Netanyahu: Cameras bill to go to a vote tomorrow

The statement came a day after the Knesset Arrangements Committee rejected a motion to waive the bill’s waiting period and allowing it to go to a vote two days early.

Prime Minister Benjamin Netanyahu reveals the Iranian nuclear bases uncovered by Israel, September 9 2019 (photo credit: MARC ISRAEL SELLEM)
Prime Minister Benjamin Netanyahu reveals the Iranian nuclear bases uncovered by Israel, September 9 2019
(photo credit: MARC ISRAEL SELLEM)
Prime Minister Benjamin Netanyahu’s bill to allow cameras to be brought into polling stations on Election Day will go to a first vote in the Knesset on Wednesday, he said on Tuesday.
“We will bring the cameras bill tomorrow for a vote in the Knesset plenary so we can know who is for voter fraud and who is against it,” Netanyahu said during a visit to a mall in Beersheba.
The statement came a day after the Knesset Arrangements Committee rejected a motion to waive the bill’s waiting period, which would have allowed it to go to a vote two days early. The bill did not have majority support among MKs as of Tuesday afternoon.

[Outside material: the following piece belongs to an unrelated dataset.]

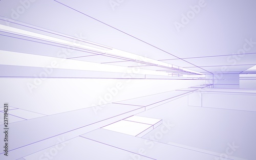 Abstract white interior highlights future. Polygon violet drawing. Architectural background. 3D illustration and rendering
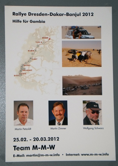 Die beiden Martins tauschen sich wieder einmal aus und fassen eine Teilnahme an der Rallye Dresden-Dakar-Banjul mit eigenen Fahrzeugen in´s Auge. Einige Nachbarn und Freunde zeigen sich zunächst auch interessiert, nehmen aber leider aus den unterschiedlichsten Gründen wieder Abstand von unserem Projekt.

In addition, a vote on Wednesday makes it unlikely for the Likud-backed bill – which would allow observers to bring cameras to polling stations but not into voting booths on Election Day – to have time to become law before the election on Tuesday.
“There is no reason for those who really want clean elections to oppose the cameras bill that prevents election fraud,” Netanyahu said on Monday.
The prime minister accused Yisrael Beytenu and Blue and White’s leadership of voting with the Joint List against the bill, “because they are going together to a left-wing government, where [Joint List MKs] Ahmad Tibi and Ayman Odeh will be ministers.”
The bill is unlikely to pass, as Yisrael Beytenu MKs will be skipping the vote, two days after party leader Avigdor Liberman said they oppose the bill.
Liberman described the bill as an attempt by Netanyahu to “steal the election.”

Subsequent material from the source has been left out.